> _INSTRUCTIONS TO FOLLOW_
Take the material below and reproduce, word for word, only the lines from the line with "Miniature Valentines Silicone Mould - Create" through the line with "Stylowa marynarka damska".

> _SUPPLIED MATERIAL_

···

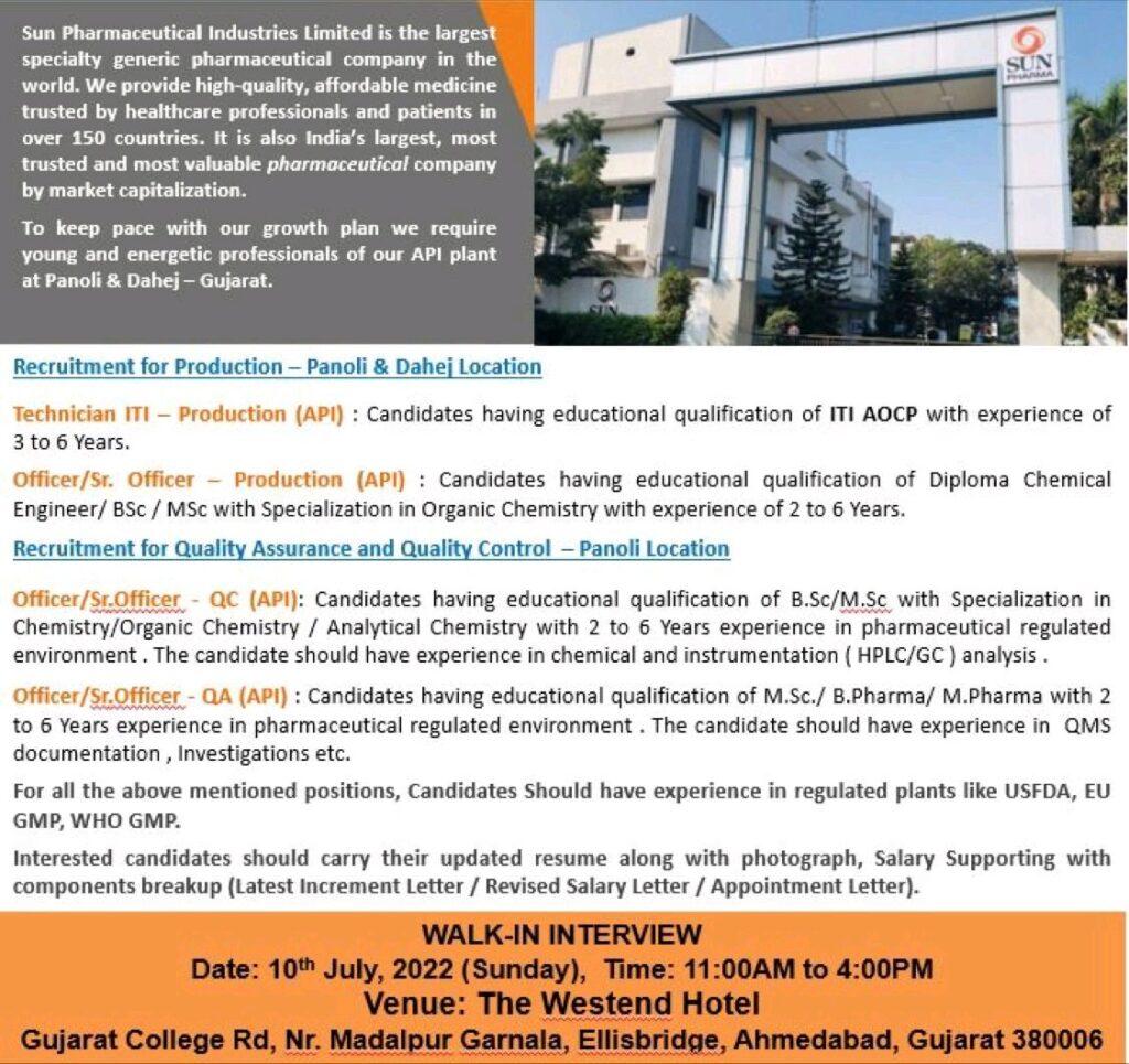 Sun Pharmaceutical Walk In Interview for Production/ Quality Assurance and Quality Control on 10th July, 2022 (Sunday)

···

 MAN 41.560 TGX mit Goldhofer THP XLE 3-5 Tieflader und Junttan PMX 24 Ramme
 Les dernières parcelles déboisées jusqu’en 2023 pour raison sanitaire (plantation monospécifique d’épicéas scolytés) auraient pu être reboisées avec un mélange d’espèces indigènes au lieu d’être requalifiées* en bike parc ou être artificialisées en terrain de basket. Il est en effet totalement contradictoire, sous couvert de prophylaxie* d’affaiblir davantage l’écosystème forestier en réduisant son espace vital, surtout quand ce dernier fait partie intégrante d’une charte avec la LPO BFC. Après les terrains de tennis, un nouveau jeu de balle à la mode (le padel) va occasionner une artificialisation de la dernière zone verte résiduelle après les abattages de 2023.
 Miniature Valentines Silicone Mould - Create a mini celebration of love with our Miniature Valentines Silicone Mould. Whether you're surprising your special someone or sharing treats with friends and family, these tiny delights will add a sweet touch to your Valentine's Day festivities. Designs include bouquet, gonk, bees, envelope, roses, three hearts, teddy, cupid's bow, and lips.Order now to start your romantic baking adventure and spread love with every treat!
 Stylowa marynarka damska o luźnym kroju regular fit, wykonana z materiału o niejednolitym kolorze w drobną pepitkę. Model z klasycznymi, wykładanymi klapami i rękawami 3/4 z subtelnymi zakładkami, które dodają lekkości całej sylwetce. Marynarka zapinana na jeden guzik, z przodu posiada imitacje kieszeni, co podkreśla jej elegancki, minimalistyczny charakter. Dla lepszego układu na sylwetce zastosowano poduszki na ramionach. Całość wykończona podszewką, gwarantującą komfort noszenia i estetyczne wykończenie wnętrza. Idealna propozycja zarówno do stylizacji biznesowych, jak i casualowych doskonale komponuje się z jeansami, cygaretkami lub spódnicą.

···

> _RESULT BELOW_
 Miniature Valentines Silicone Mould - Create a mini celebration of love with our Miniature Valentines Silicone Mould. Whether you're surprising your special someone or sharing treats with friends and family, these tiny delights will add a sweet touch to your Valentine's Day festivities. Designs include bouquet, gonk, bees, envelope, roses, three hearts, teddy, cupid's bow, and lips.Order now to start your romantic baking adventure and spread love with every treat!
 Stylowa marynarka damska o luźnym kroju regular fit, wykonana z materiału o niejednolitym kolorze w drobną pepitkę. Model z klasycznymi, wykładanymi klapami i rękawami 3/4 z subtelnymi zakładkami, które dodają lekkości całej sylwetce. Marynarka zapinana na jeden guzik, z przodu posiada imitacje kieszeni, co podkreśla jej elegancki, minimalistyczny charakter. Dla lepszego układu na sylwetce zastosowano poduszki na ramionach. Całość wykończona podszewką, gwarantującą komfort noszenia i estetyczne wykończenie wnętrza. Idealna propozycja zarówno do stylizacji biznesowych, jak i casualowych doskonale komponuje się z jeansami, cygaretkami lub spódnicą.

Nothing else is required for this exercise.